Retype the data that follows line by line, exactly, and leave its pictures out.
THE DATA Start Marker
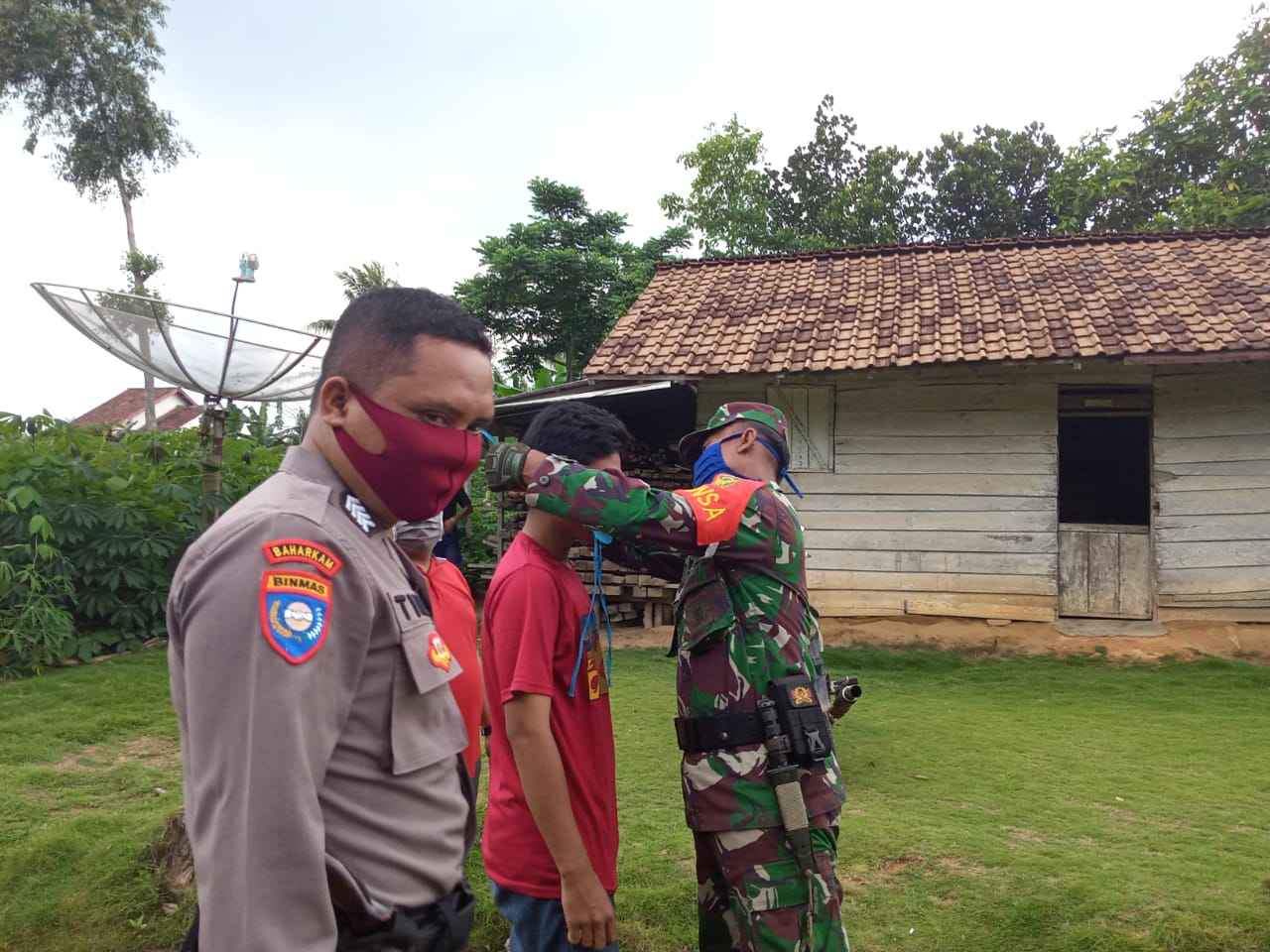 KODIM 0426/TB- TULANG BAWANG– Bertempat di Kampung Warga Makmur Jaya, Kecamatan Banjar Agung, Kabupaten Tulang Bawang, Sertu Sutarto, Bintara Pembina Desa (Babinsa) Koramil 426-02 Menggala, Kodim 0426 Tulang Bawang, dan Bripka Sutino, Babinkamtibmas Polsek Banjar Agung, Polres Tulang Bawang, bersinergi keliling Kampung menghimbau dan memasangkan secara langsung menggunakan masker kepada warga masyarakat dalam beraktifitas di luar rumah.
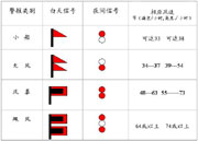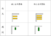 ¡¡¡¡Ì¨·ç¾¯±¨µÄÐźÅÊÇ£º°×ÌìÓûÆÉ«³¤·½ÐÎÆìÖıíʾ£¬Á½ÃæÆìʱ±íʾº£ÉĮ̈·ç¾¯±¨£¬ÈýÃæÆìʱ±íʾº£Éϼ°Â½ÉĮ̈·ç¾¯±¨¡£Ò¹¼äÓÃÂÌÉ«µÆºÅ±íʾ£¬Á½ÕµÂ̵Ʊíʾº£ÉĮ̈·ç¾¯±¨£¬ÈýÕµÂ̵Ʊíʾ½ÉĮ̈·ç¾¯±¨¡£
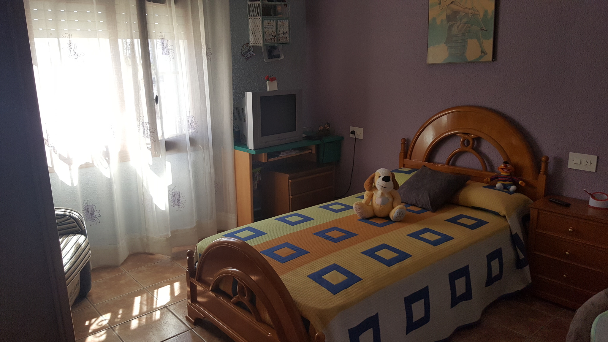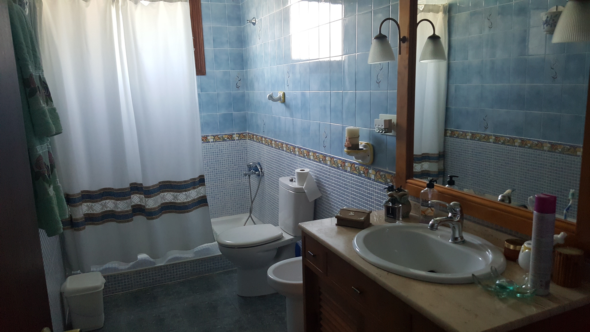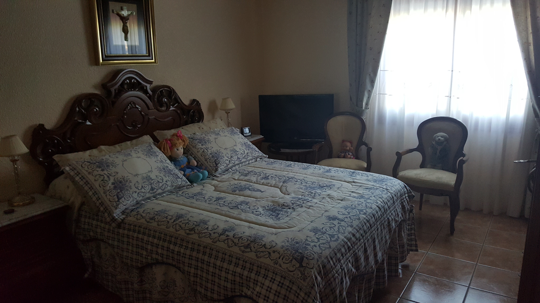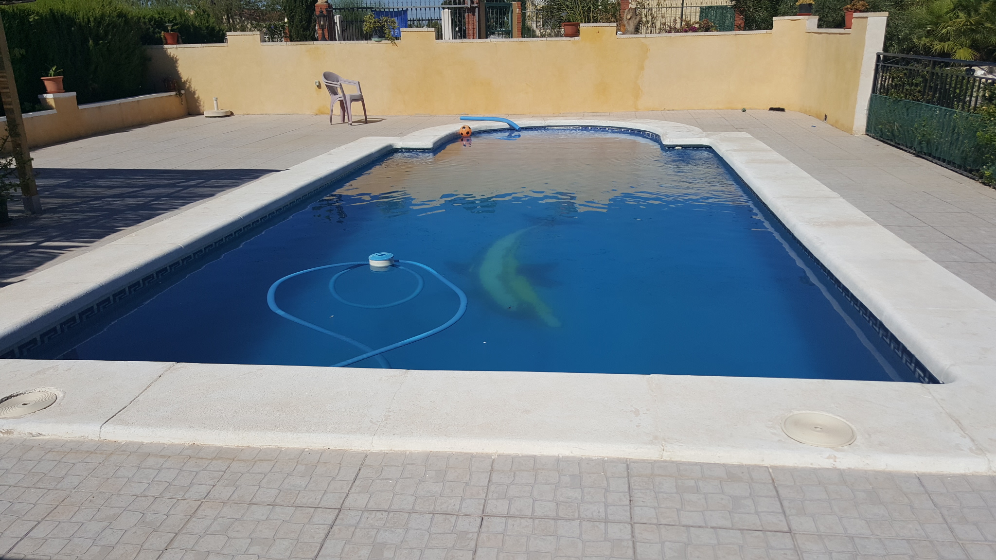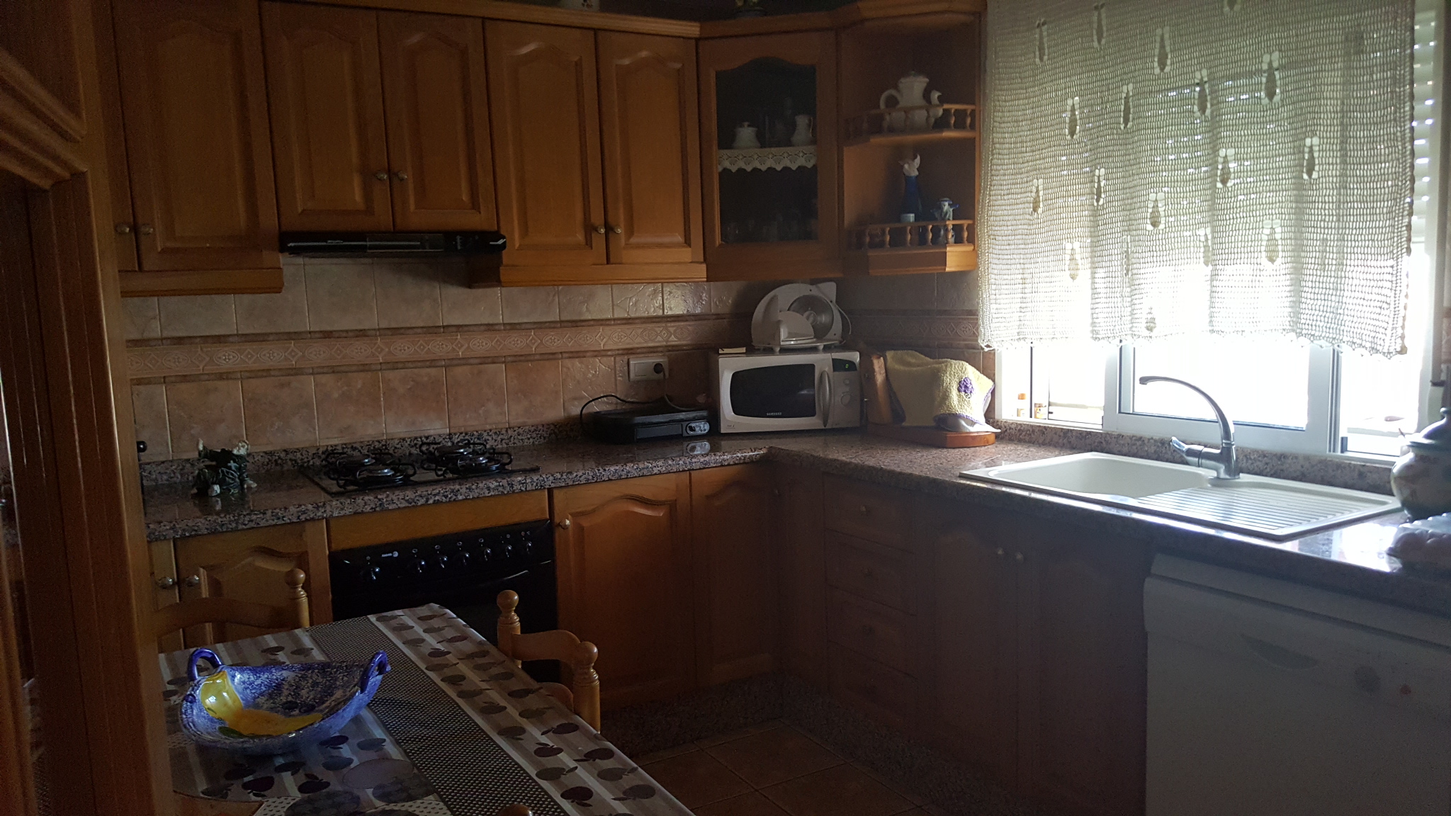 It has a fenced plot of 2.000 m2 and a constructed area of 416m2. The main house has three bedrooms, a bathroom, a living room, a kitchen, a covered terrace and a balcony, there is also a guest house with two bedrooms, a living room, a kitchen and a bathroom. The house has a large room on the second floor where you could build two bedrooms more, living room, kitchen and bathroom. In addition there is also a 50 m2 garage. It has air condition, a barbecue and a private pool.
THE DATA End Marker
→ RESPONSE BOX
 KODIM 0426/TB- TULANG BAWANG– Bertempat di Kampung Warga Makmur Jaya, Kecamatan Banjar Agung, Kabupaten Tulang Bawang, Sertu Sutarto, Bintara Pembina Desa (Babinsa) Koramil 426-02 Menggala, Kodim 0426 Tulang Bawang, dan Bripka Sutino, Babinkamtibmas Polsek Banjar Agung, Polres Tulang Bawang, bersinergi keliling Kampung menghimbau dan memasangkan secara langsung menggunakan masker kepada warga masyarakat dalam beraktifitas di luar rumah.
 ¡¡¡¡Ì¨·ç¾¯±¨µÄÐźÅÊÇ£º°×ÌìÓûÆÉ«³¤·½ÐÎÆìÖıíʾ£¬Á½ÃæÆìʱ±íʾº£ÉĮ̈·ç¾¯±¨£¬ÈýÃæÆìʱ±íʾº£Éϼ°Â½ÉĮ̈·ç¾¯±¨¡£Ò¹¼äÓÃÂÌÉ«µÆºÅ±íʾ£¬Á½ÕµÂ̵Ʊíʾº£ÉĮ̈·ç¾¯±¨£¬ÈýÕµÂ̵Ʊíʾ½ÉĮ̈·ç¾¯±¨¡£
 It has a fenced plot of 2.000 m2 and a constructed area of 416m2. The main house has three bedrooms, a bathroom, a living room, a kitchen, a covered terrace and a balcony, there is also a guest house with two bedrooms, a living room, a kitchen and a bathroom. The house has a large room on the second floor where you could build two bedrooms more, living room, kitchen and bathroom. In addition there is also a 50 m2 garage. It has air condition, a barbecue and a private pool.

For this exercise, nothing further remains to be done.